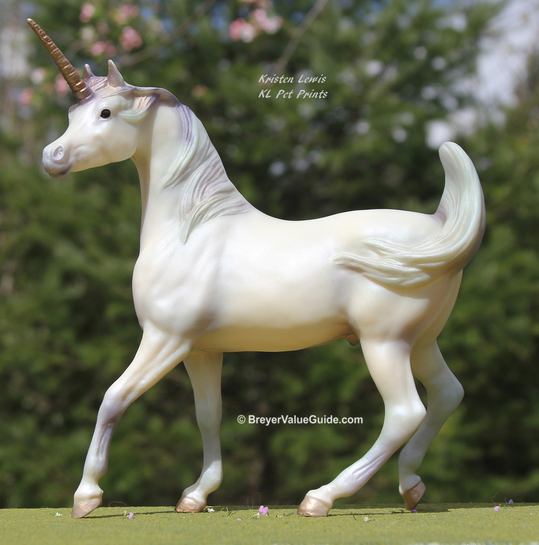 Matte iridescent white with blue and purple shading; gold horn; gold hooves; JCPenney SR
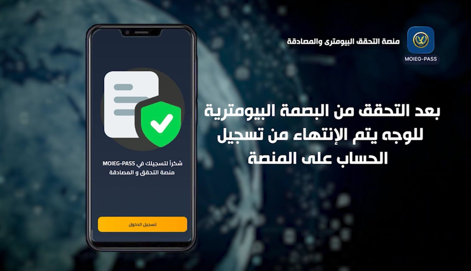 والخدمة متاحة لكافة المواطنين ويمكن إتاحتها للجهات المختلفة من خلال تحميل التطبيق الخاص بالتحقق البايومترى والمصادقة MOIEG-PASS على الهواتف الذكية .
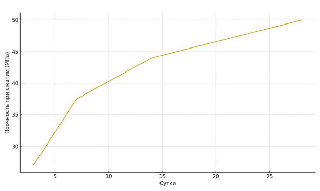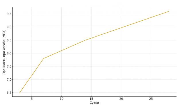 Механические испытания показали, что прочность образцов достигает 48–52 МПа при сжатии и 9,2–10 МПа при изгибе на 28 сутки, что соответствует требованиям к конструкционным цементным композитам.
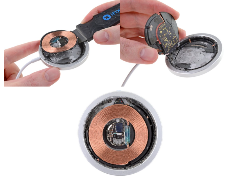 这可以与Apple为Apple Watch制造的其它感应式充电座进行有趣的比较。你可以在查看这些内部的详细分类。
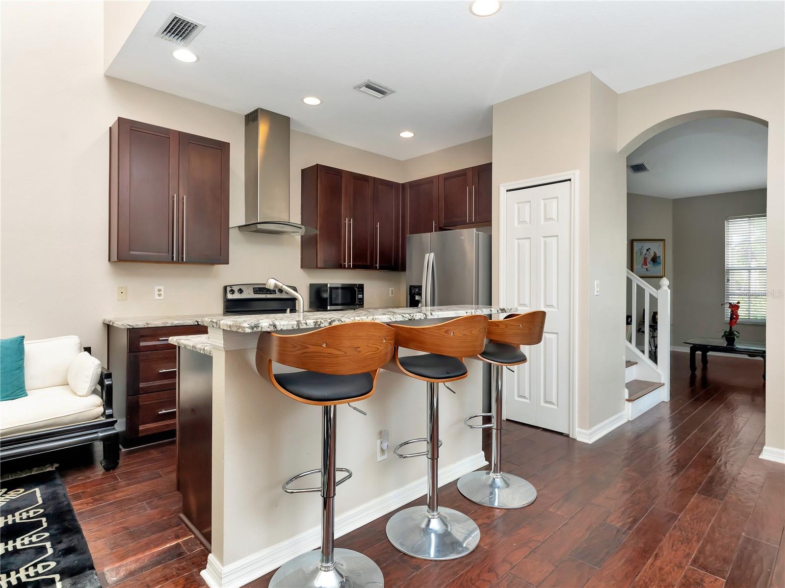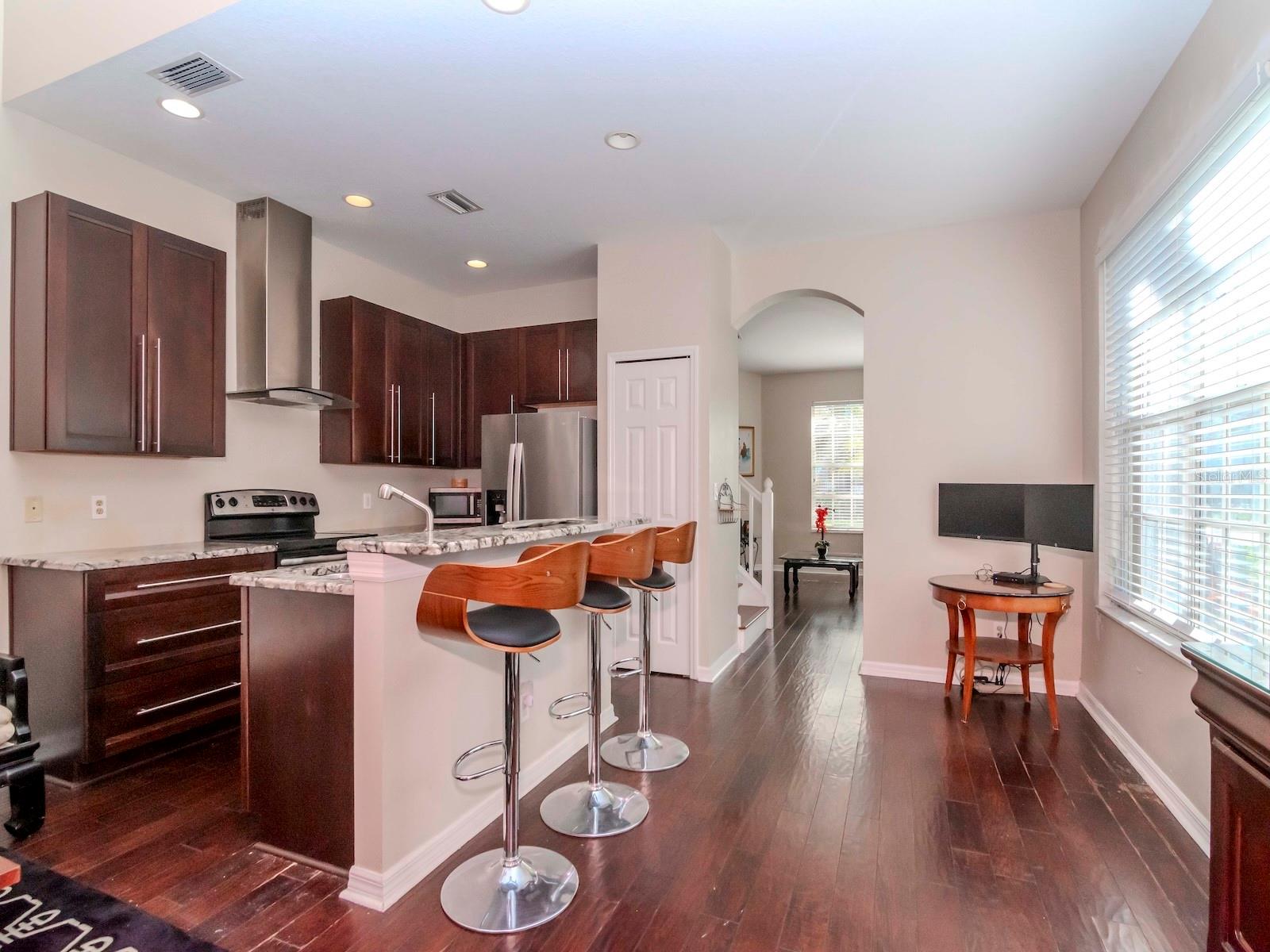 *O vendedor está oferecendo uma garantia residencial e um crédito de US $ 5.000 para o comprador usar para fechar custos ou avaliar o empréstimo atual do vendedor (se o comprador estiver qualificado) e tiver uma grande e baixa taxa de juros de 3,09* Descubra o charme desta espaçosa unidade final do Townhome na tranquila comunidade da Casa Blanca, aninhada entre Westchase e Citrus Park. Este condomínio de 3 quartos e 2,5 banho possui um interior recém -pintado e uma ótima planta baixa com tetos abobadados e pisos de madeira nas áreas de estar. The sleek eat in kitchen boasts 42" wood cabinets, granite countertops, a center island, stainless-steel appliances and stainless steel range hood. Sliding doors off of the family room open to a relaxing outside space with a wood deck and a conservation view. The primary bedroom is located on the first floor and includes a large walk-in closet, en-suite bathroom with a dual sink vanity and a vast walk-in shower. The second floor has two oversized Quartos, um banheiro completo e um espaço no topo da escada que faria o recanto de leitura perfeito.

● ● ● ● ● ● ●

▶ **Instructions for the task**: Your reply should be the entries above, repeated exactly and free of pictures.

▶ **Final answer**:
 Matte iridescent white with blue and purple shading; gold horn; gold hooves; JCPenney SR
 والخدمة متاحة لكافة المواطنين ويمكن إتاحتها للجهات المختلفة من خلال تحميل التطبيق الخاص بالتحقق البايومترى والمصادقة MOIEG-PASS على الهواتف الذكية .
 Механические испытания показали, что прочность образцов достигает 48–52 МПа при сжатии и 9,2–10 МПа при изгибе на 28 сутки, что соответствует требованиям к конструкционным цементным композитам.
 这可以与Apple为Apple Watch制造的其它感应式充电座进行有趣的比较。你可以在查看这些内部的详细分类。
 *O vendedor está oferecendo uma garantia residencial e um crédito de US $ 5.000 para o comprador usar para fechar custos ou avaliar o empréstimo atual do vendedor (se o comprador estiver qualificado) e tiver uma grande e baixa taxa de juros de 3,09* Descubra o charme desta espaçosa unidade final do Townhome na tranquila comunidade da Casa Blanca, aninhada entre Westchase e Citrus Park. Este condomínio de 3 quartos e 2,5 banho possui um interior recém -pintado e uma ótima planta baixa com tetos abobadados e pisos de madeira nas áreas de estar. The sleek eat in kitchen boasts 42" wood cabinets, granite countertops, a center island, stainless-steel appliances and stainless steel range hood. Sliding doors off of the family room open to a relaxing outside space with a wood deck and a conservation view. The primary bedroom is located on the first floor and includes a large walk-in closet, en-suite bathroom with a dual sink vanity and a vast walk-in shower. The second floor has two oversized Quartos, um banheiro completo e um espaço no topo da escada que faria o recanto de leitura perfeito.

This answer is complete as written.